▶ Data supplied:
Content starts

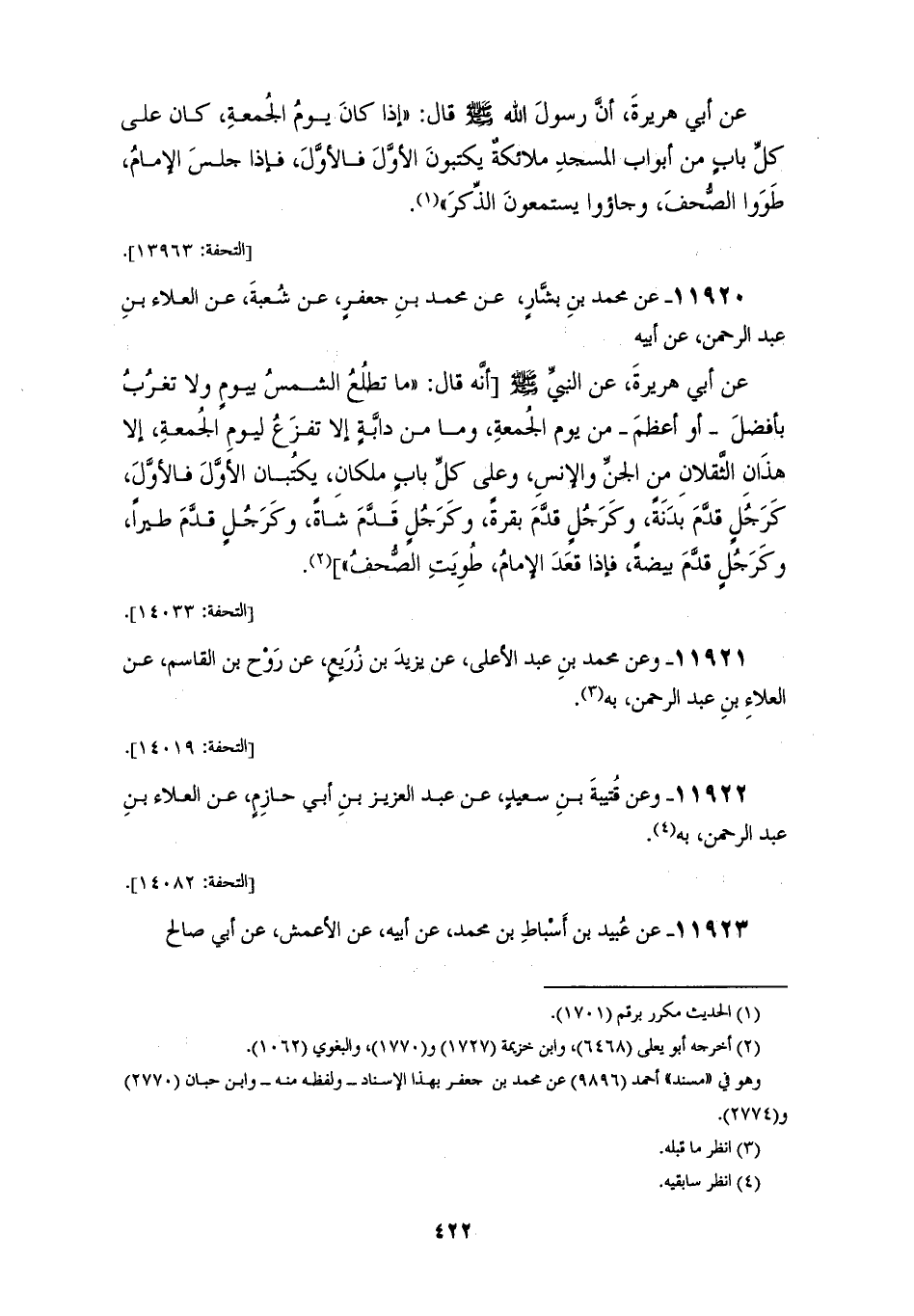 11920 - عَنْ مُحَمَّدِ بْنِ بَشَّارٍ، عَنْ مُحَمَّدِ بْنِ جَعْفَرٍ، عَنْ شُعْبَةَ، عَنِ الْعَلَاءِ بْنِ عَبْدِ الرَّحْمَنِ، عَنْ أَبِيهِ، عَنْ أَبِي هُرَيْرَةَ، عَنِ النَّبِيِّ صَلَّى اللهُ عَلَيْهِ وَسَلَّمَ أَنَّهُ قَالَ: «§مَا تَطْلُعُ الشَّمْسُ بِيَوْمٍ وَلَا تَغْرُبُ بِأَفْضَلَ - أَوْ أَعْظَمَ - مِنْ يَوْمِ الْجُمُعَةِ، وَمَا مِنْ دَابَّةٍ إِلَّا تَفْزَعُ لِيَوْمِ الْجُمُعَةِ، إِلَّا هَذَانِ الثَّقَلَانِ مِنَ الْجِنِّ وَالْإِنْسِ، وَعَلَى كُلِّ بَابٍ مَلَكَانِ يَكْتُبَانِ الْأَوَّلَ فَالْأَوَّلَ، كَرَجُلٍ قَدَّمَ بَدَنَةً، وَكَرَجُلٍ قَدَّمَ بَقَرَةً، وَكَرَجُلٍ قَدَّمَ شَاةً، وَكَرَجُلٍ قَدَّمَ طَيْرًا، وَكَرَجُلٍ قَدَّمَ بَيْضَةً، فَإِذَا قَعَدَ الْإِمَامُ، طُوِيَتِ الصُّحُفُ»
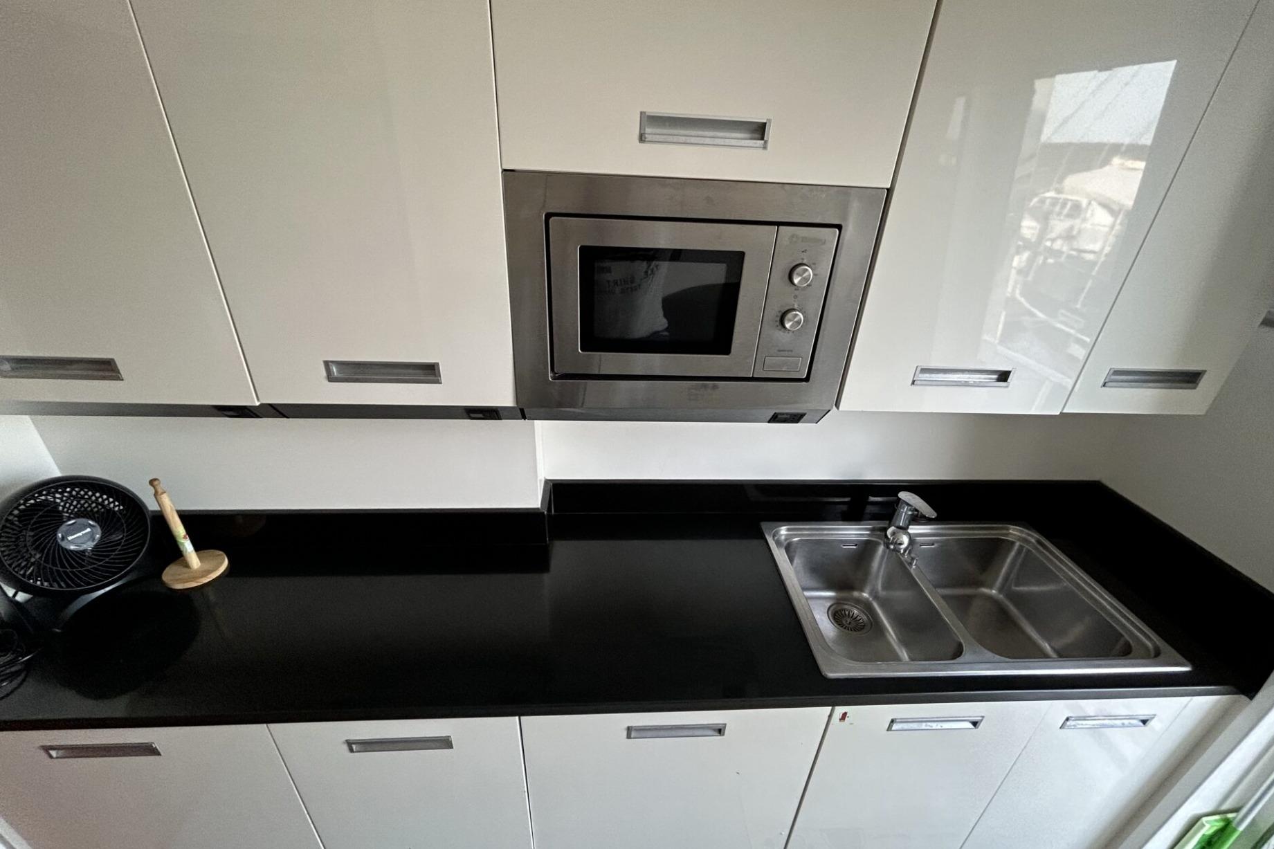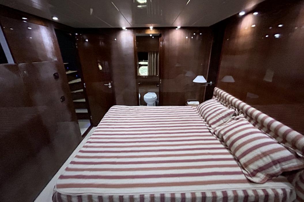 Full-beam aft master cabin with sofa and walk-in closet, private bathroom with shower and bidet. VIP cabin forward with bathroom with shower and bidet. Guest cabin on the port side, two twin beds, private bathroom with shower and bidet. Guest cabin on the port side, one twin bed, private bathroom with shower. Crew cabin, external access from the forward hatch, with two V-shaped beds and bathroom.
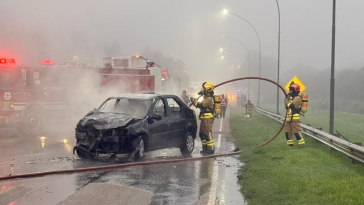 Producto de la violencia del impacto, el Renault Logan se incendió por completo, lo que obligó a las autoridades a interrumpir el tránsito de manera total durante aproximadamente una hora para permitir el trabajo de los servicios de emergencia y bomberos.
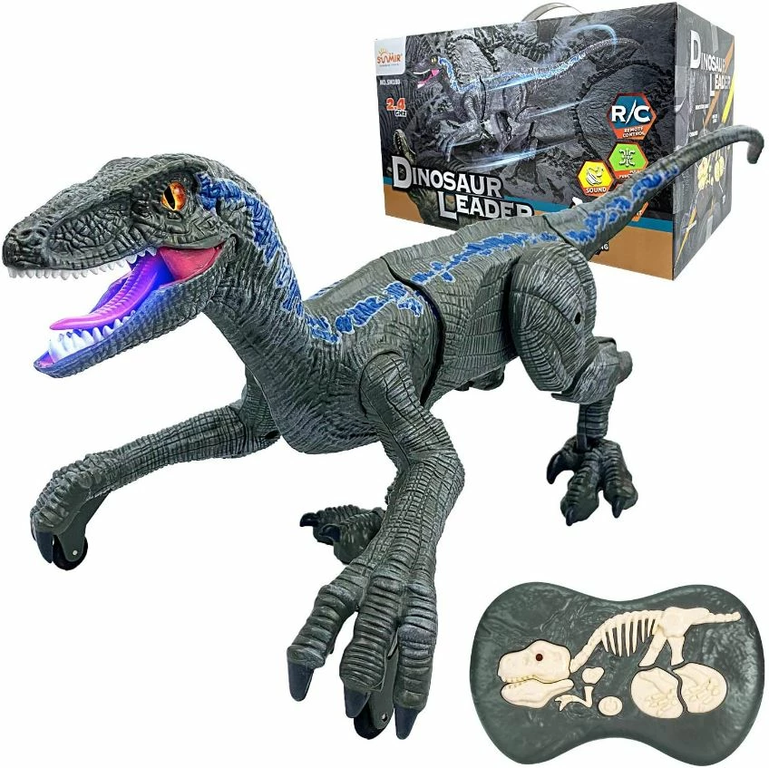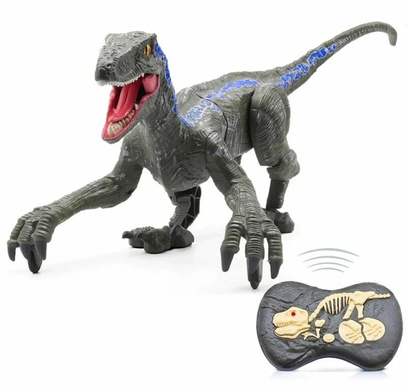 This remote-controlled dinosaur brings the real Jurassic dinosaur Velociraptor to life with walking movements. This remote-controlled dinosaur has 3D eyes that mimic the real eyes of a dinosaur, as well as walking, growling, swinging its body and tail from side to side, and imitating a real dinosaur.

Content ends
Content starts

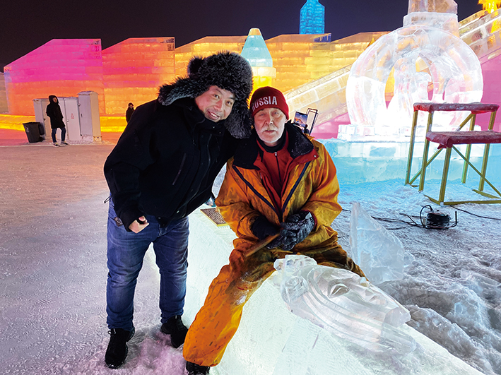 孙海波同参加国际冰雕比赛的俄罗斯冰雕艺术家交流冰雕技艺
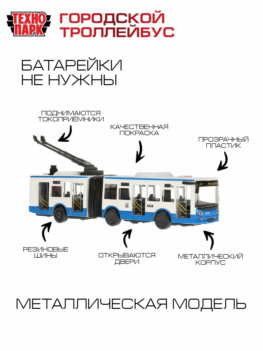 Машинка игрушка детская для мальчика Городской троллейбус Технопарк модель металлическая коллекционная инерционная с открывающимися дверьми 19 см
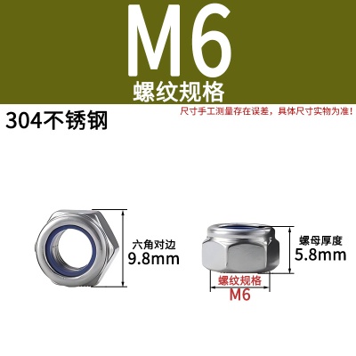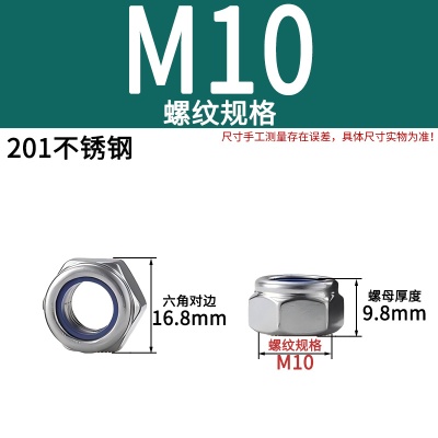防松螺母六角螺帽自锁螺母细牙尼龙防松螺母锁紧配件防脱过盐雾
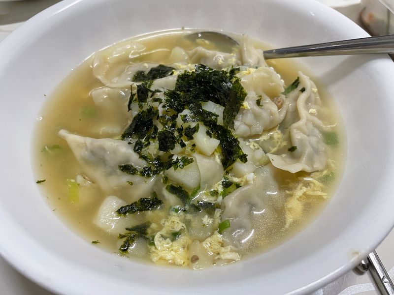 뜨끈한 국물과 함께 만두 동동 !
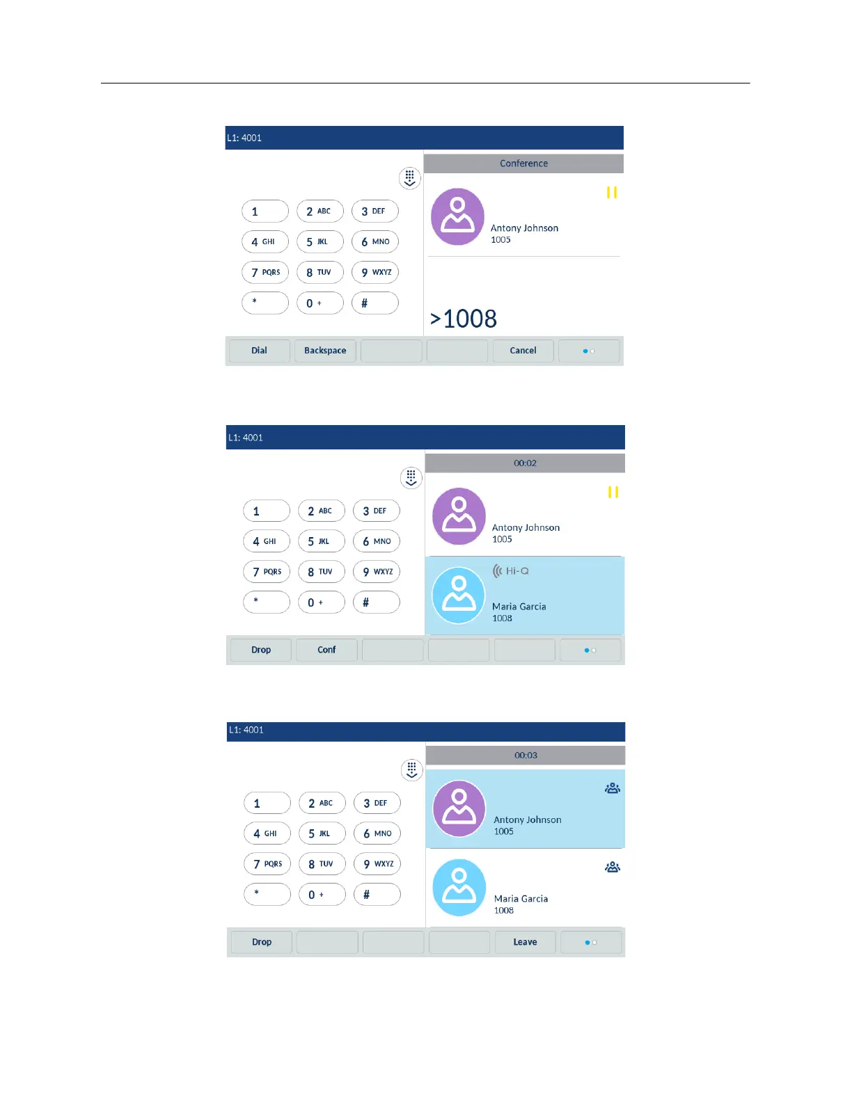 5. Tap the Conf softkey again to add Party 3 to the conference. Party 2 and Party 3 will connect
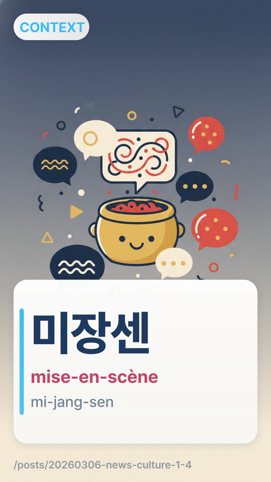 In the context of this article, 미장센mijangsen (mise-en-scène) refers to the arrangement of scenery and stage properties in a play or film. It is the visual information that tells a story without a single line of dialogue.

Content ends

▶ Work order: Please set down, exactly and with no pictures, the lines in the entries above starting at the one holding "Машинка игрушка детская" and ending at the one holding "In the context", ends included.

▶ Answer to this problem:
 Машинка игрушка детская для мальчика Городской троллейбус Технопарк модель металлическая коллекционная инерционная с открывающимися дверьми 19 см
防松螺母六角螺帽自锁螺母细牙尼龙防松螺母锁紧配件防脱过盐雾
 뜨끈한 국물과 함께 만두 동동 !
 5. Tap the Conf softkey again to add Party 3 to the conference. Party 2 and Party 3 will connect
 In the context of this article, 미장센mijangsen (mise-en-scène) refers to the arrangement of scenery and stage properties in a play or film. It is the visual information that tells a story without a single line of dialogue.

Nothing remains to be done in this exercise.